**Source material**
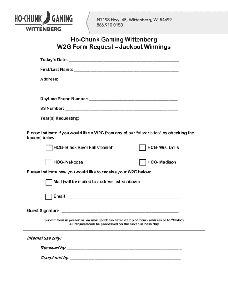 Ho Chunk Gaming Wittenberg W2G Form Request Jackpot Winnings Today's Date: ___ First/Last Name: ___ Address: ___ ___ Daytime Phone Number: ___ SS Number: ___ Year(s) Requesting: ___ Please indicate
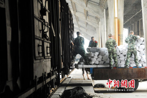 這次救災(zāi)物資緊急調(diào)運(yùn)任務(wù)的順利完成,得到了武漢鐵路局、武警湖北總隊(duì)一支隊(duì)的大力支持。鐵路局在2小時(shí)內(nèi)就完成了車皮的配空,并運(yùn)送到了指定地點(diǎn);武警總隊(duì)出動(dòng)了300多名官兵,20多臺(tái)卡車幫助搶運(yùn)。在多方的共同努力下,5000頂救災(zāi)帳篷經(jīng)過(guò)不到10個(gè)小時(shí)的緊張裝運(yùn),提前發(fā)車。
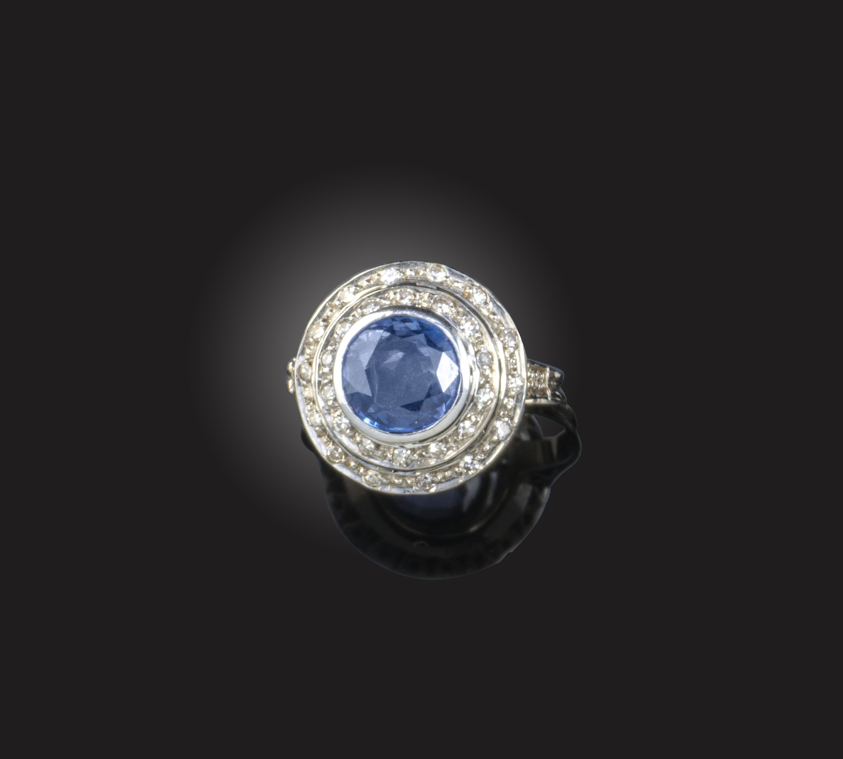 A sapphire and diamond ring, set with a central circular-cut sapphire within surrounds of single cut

--

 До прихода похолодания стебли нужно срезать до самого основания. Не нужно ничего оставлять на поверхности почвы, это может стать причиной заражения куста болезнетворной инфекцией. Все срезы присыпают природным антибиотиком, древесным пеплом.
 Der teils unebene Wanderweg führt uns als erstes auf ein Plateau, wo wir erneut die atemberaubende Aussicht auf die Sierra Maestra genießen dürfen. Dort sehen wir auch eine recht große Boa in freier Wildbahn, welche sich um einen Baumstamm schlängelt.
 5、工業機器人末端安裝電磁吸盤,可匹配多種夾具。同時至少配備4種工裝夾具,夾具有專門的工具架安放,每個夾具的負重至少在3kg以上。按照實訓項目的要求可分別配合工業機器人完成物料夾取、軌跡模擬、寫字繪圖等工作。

**Required work**
Exactly reproduce the lines above, starting at the one that contains "Ho Chunk Gaming" and ending at the one that contains "這次救災(zāi)物資緊急調", both inclusive; leave the pictures out and add no other lines.

**Exercise solution**
 Ho Chunk Gaming Wittenberg W2G Form Request Jackpot Winnings Today's Date: ___ First/Last Name: ___ Address: ___ ___ Daytime Phone Number: ___ SS Number: ___ Year(s) Requesting: ___ Please indicate
 這次救災(zāi)物資緊急調(diào)運(yùn)任務(wù)的順利完成,得到了武漢鐵路局、武警湖北總隊(duì)一支隊(duì)的大力支持。鐵路局在2小時(shí)內(nèi)就完成了車皮的配空,并運(yùn)送到了指定地點(diǎn);武警總隊(duì)出動(dòng)了300多名官兵,20多臺(tái)卡車幫助搶運(yùn)。在多方的共同努力下,5000頂救災(zāi)帳篷經(jīng)過(guò)不到10個(gè)小時(shí)的緊張裝運(yùn),提前發(fā)車。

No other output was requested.